**TRY IT:** Leaving the pictures aside, restate all of the data exactly.

**WORKING DATA:**
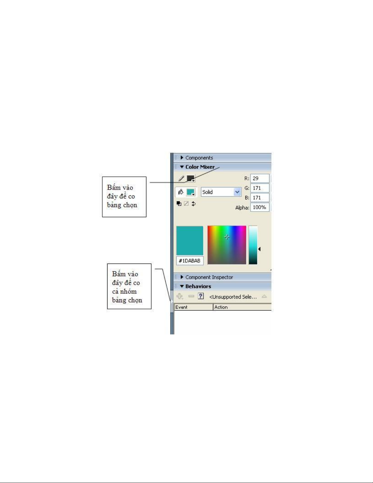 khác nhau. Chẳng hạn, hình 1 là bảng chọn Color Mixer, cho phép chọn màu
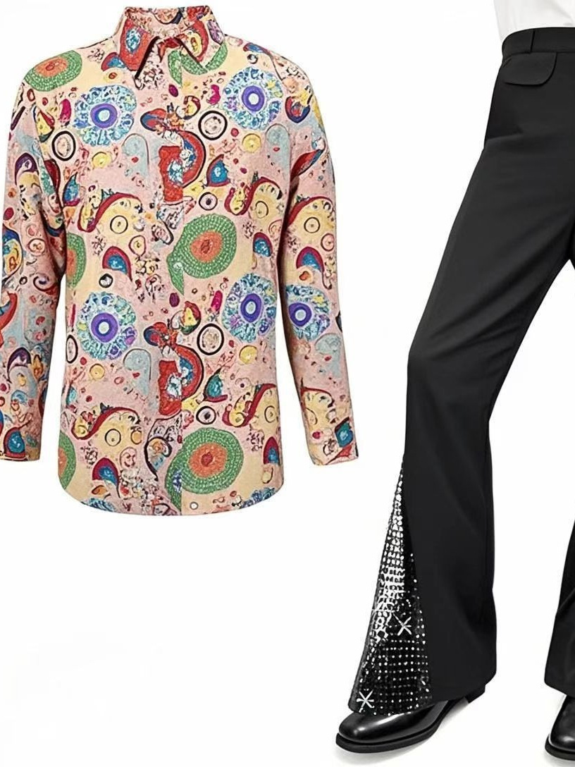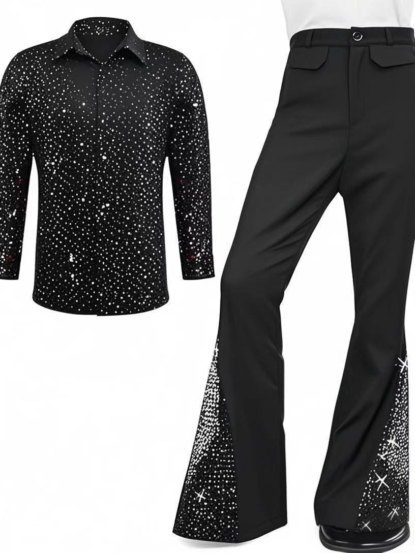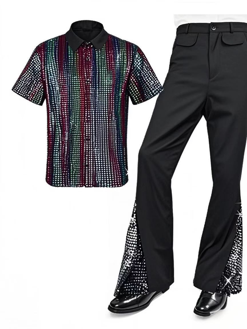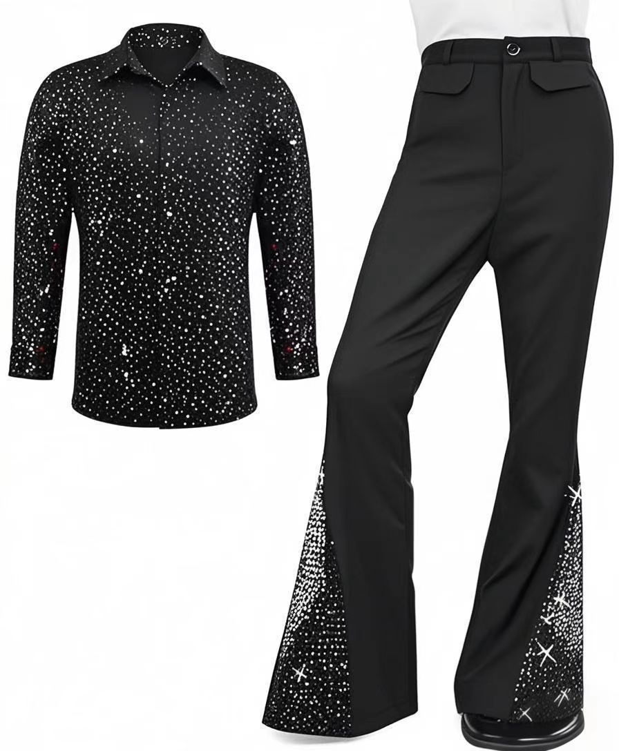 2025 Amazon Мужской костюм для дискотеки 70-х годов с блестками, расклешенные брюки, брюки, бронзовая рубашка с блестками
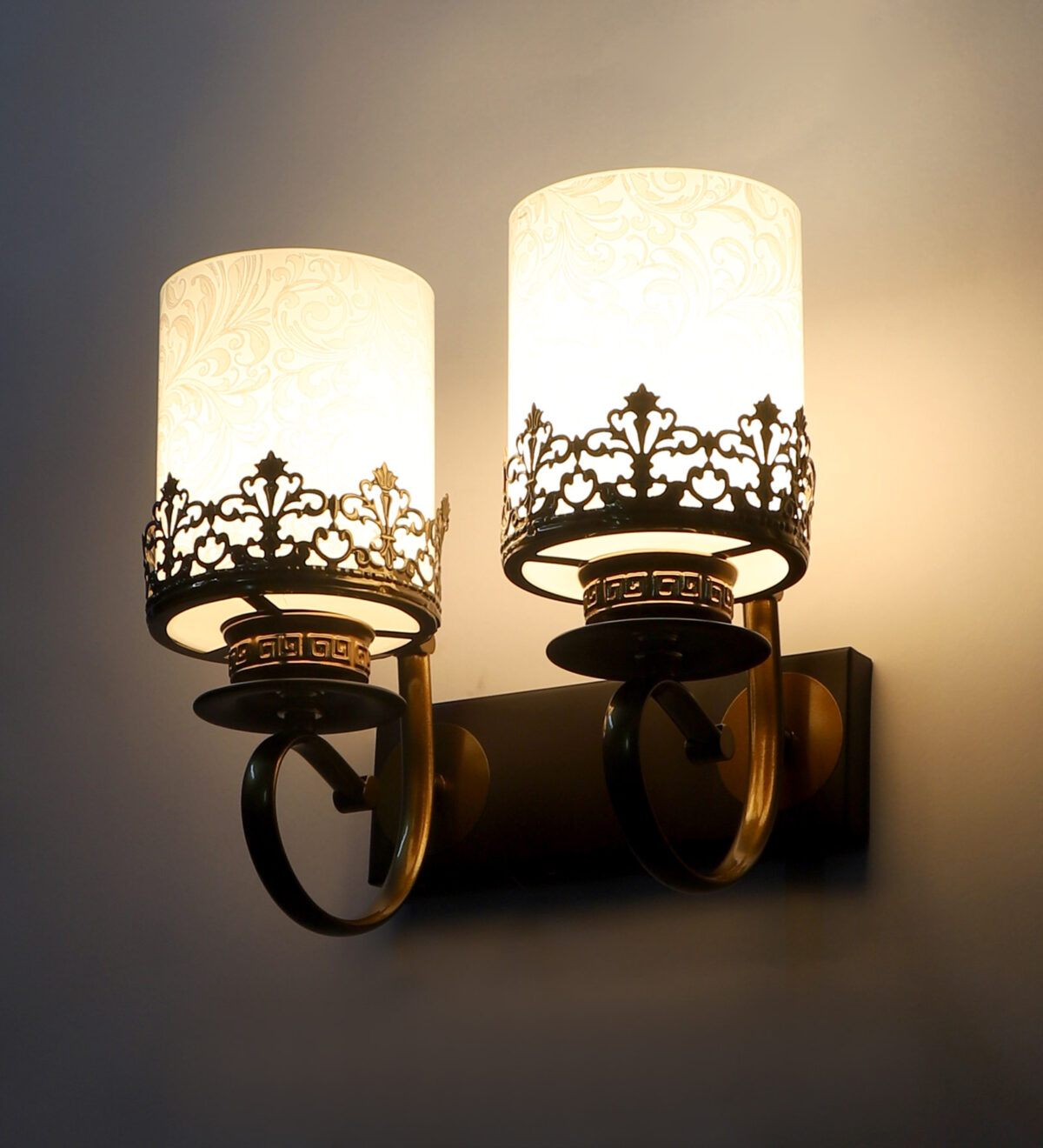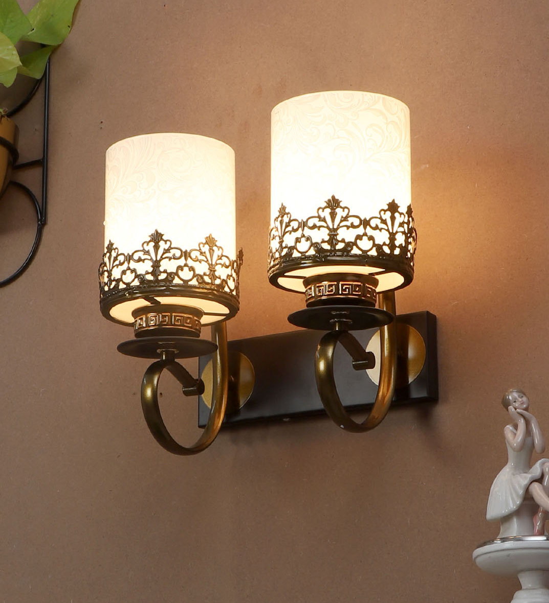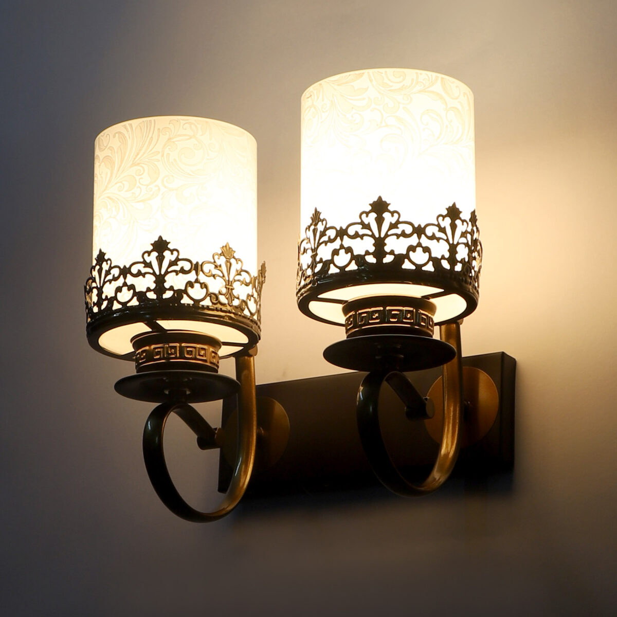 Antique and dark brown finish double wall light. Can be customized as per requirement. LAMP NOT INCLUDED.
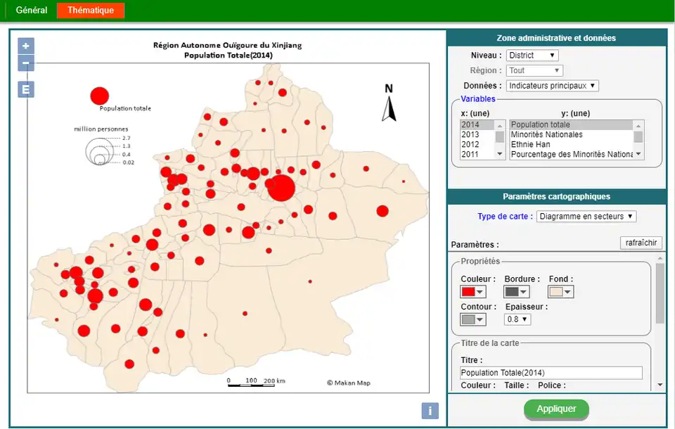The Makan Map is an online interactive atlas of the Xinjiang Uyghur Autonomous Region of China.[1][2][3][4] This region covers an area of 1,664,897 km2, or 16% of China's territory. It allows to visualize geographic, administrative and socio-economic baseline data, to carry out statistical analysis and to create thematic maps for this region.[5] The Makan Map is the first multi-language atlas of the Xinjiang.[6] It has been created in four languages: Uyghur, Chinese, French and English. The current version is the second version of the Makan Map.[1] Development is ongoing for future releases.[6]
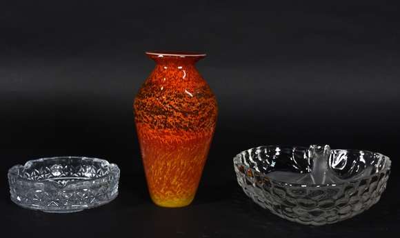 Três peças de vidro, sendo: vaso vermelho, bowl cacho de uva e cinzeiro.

**RESPONSE TO THE TASK:**
 khác nhau. Chẳng hạn, hình 1 là bảng chọn Color Mixer, cho phép chọn màu
 2025 Amazon Мужской костюм для дискотеки 70-х годов с блестками, расклешенные брюки, брюки, бронзовая рубашка с блестками
 Antique and dark brown finish double wall light. Can be customized as per requirement. LAMP NOT INCLUDED.
The Makan Map is an online interactive atlas of the Xinjiang Uyghur Autonomous Region of China.[1][2][3][4] This region covers an area of 1,664,897 km2, or 16% of China's territory. It allows to visualize geographic, administrative and socio-economic baseline data, to carry out statistical analysis and to create thematic maps for this region.[5] The Makan Map is the first multi-language atlas of the Xinjiang.[6] It has been created in four languages: Uyghur, Chinese, French and English. The current version is the second version of the Makan Map.[1] Development is ongoing for future releases.[6]
 Três peças de vidro, sendo: vaso vermelho, bowl cacho de uva e cinzeiro.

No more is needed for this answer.